[00:00] CHAPTER 3

16 3 22
                                    

_____________________00:00_____________________

.
.
"Jeon."

Sarapan berjalan lebih daripada tenang —Sejeong sudah baik, jadi bisa membuat makan yang baik seperti biasa, setidaknya tiada protes bagaimana Jeon menikmati amunisinya— ketika Sejeong memecah keheningan.

Maka seperti biasa pula, hanya lirikan tanpa minat yang menanggapi. Tanpa kata bagaimana sorot sepasang netra legam itu menuntut maksud panggilan segera diperjelas.

"Hari ini aku masih memiliki jadwal pertemuan di Xyn Entertainment." Mengantisipasi kejadian semalam terulang, maka Sejeong menjelaskan lebih awal. "Sepulangnya aku ada janji bertemu dengan temanku, yang baru kembali dari London. Jadi mungkin aku akan pulang sedikit larut lagi."
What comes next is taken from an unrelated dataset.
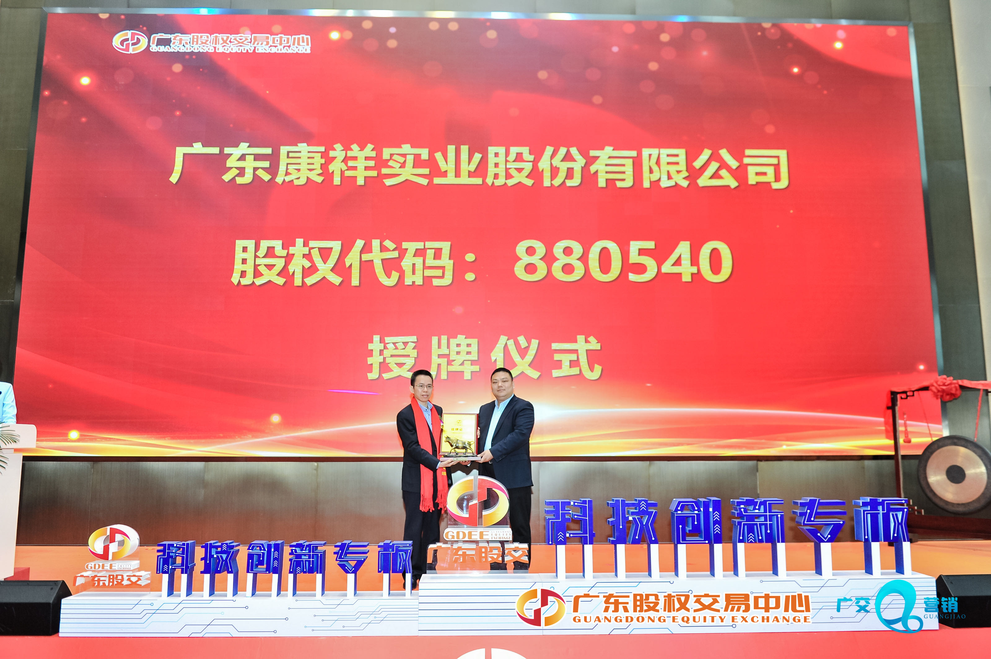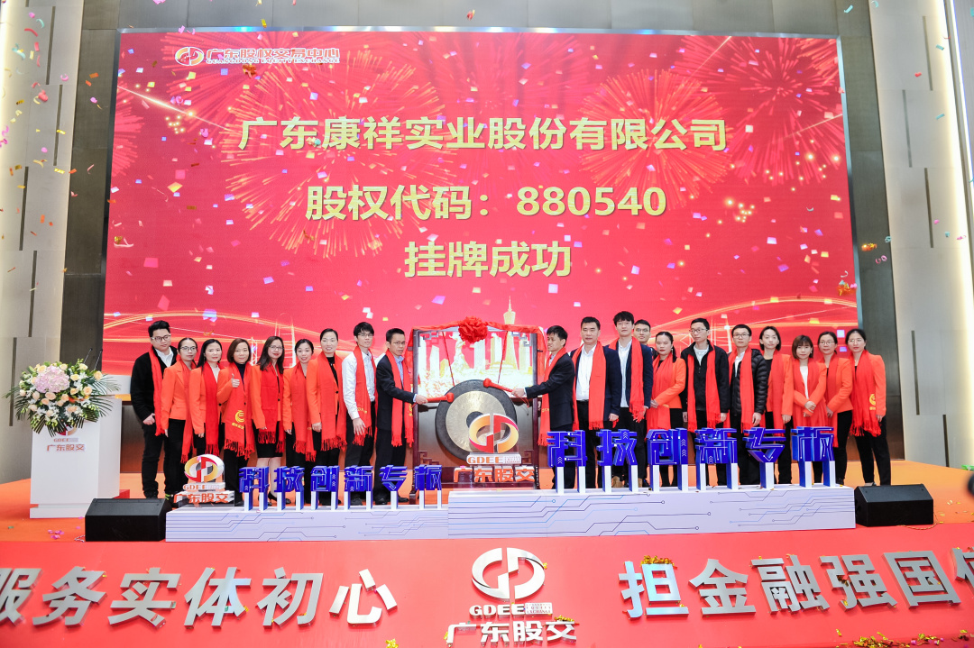 2021年3月23日上午,伴隨著響亮的敲鑼聲,廣東康祥實業股份有限公司(股權代碼:880540)在廣東股權交易中心標準板成功掛牌,標志著廣東康祥在深耕行業同時,正式進入資本市場!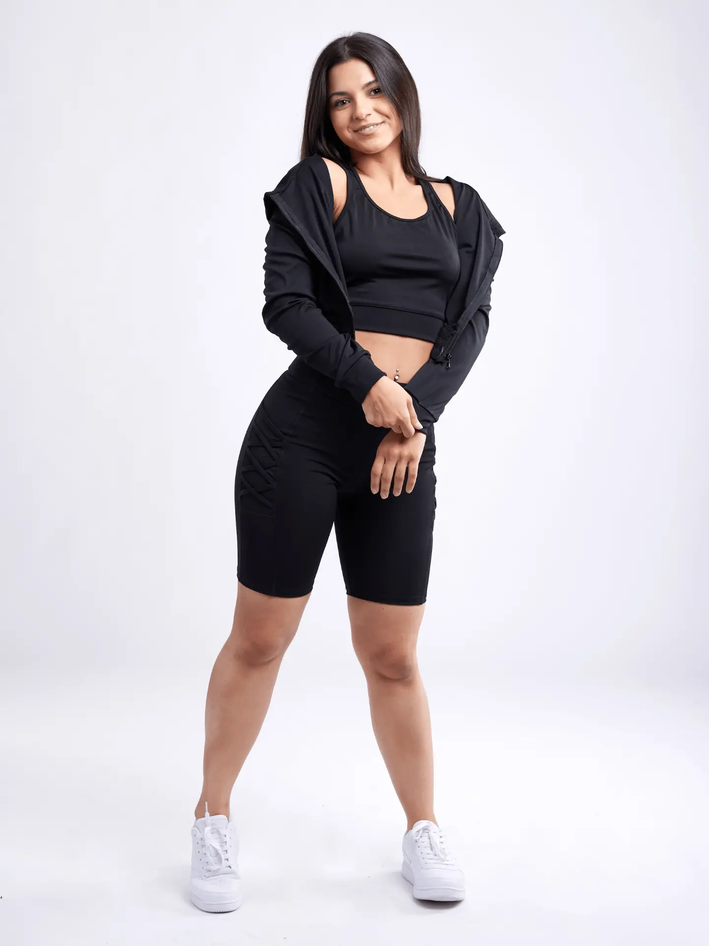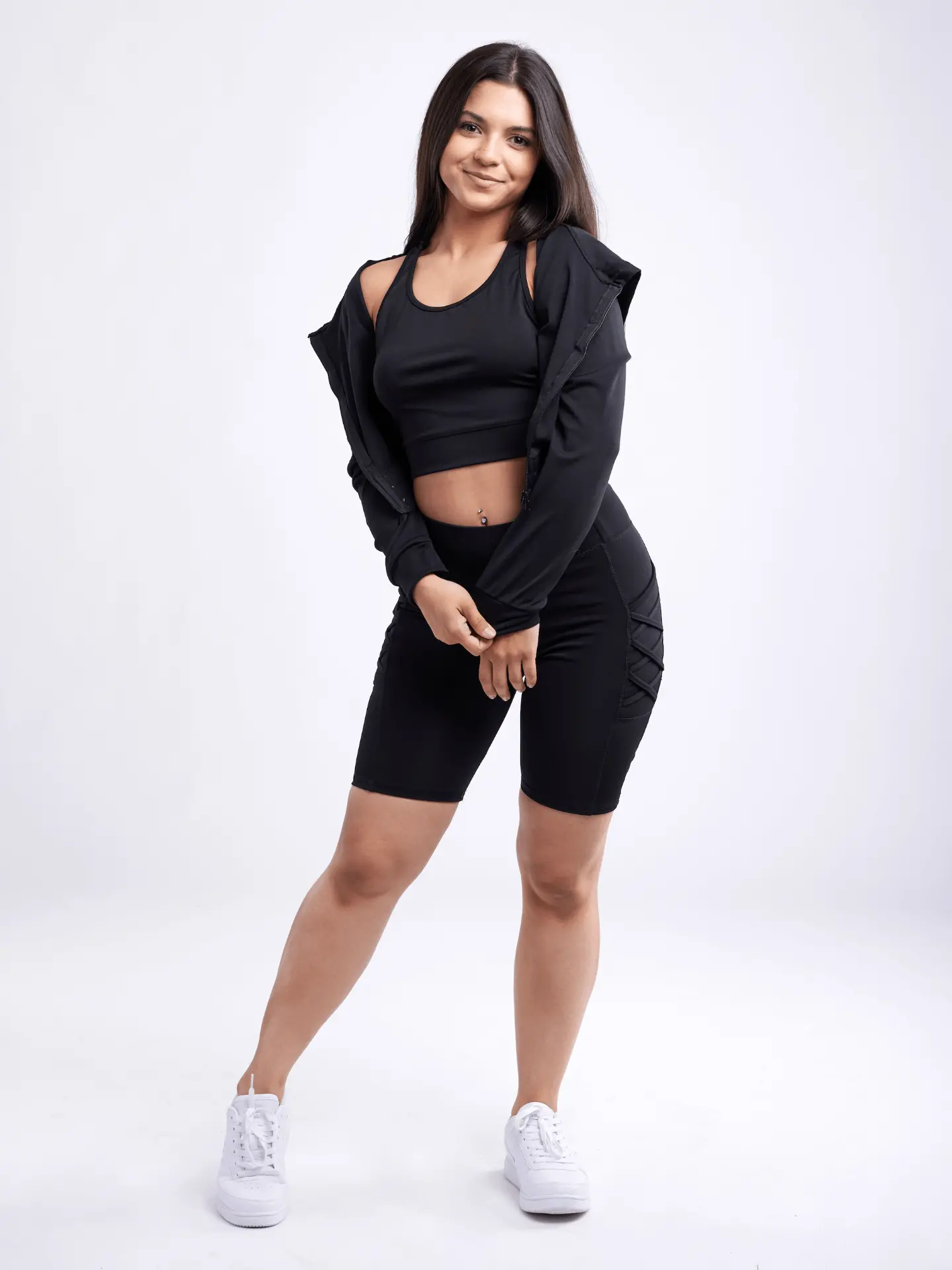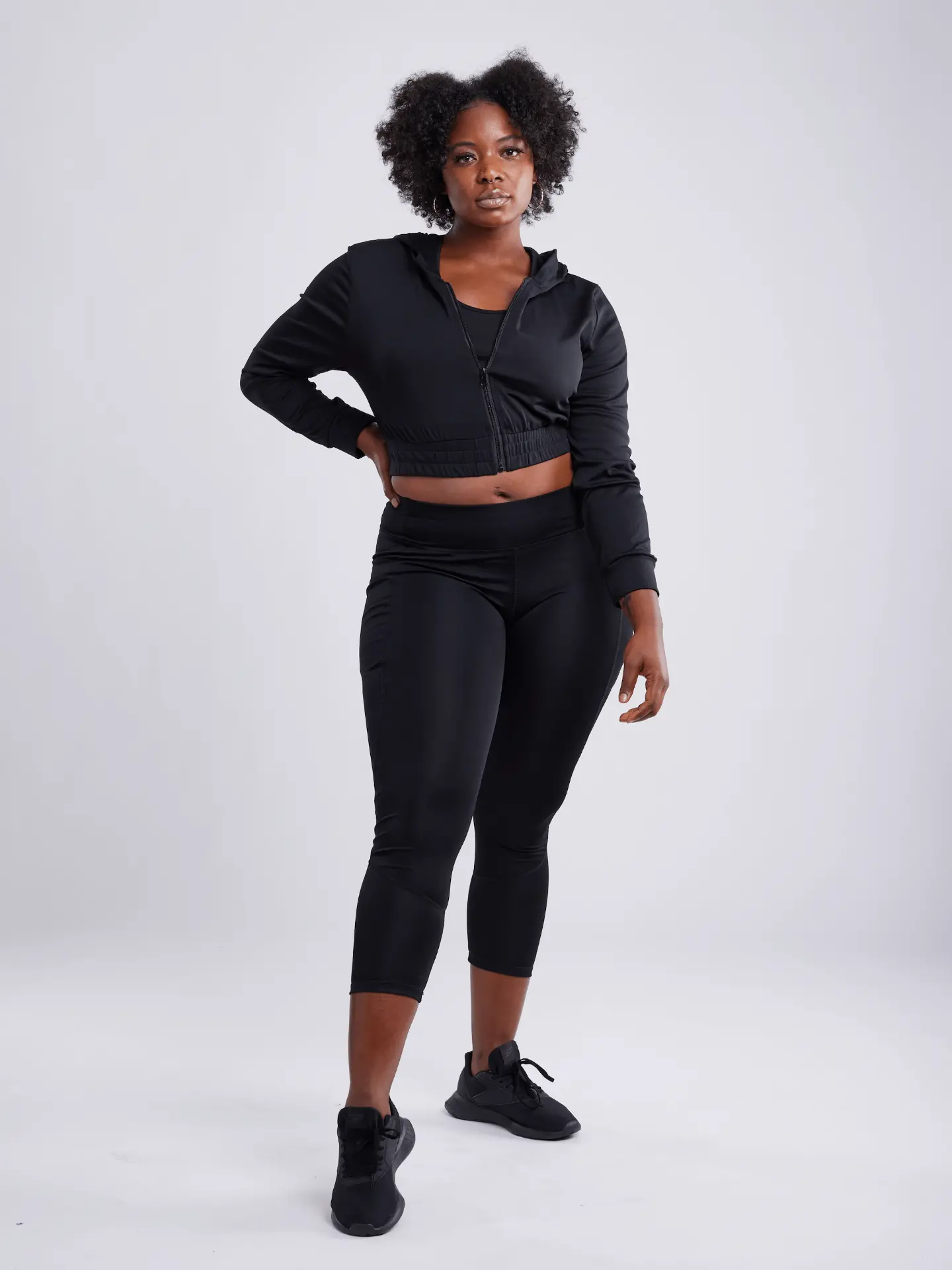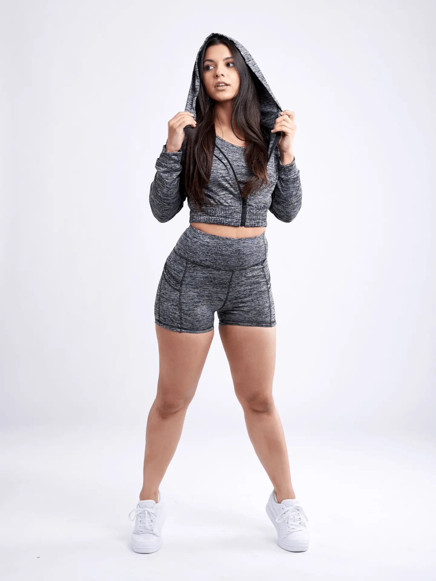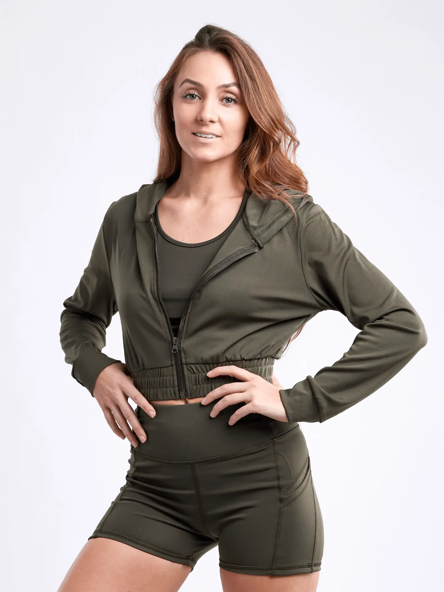 Fitted Athletic Zip-Up Crop Hoodie Jacket for Women

Jeda sekon teramat panjang, Jeon memilih berlanjut menghabiskan isi piringnya. Sampai suapan terakhir tertelan, barulah respon mengudara.

"Sejujurnya aku tidak cukup peduli. Kau tidak pulang pun ..tidak masalah." Teramat apatis, dan selalu begitu. "Toh, sama saja. Kau ada pun, tidak berguna."

Tapi agaknya, yang terakhir itu keterlaluan.

"Selain hanya untuk menyiapkan makanan. Jadi amankan amunisi perutku lebih dulu untuk malam ini, selebihnya ..terserah."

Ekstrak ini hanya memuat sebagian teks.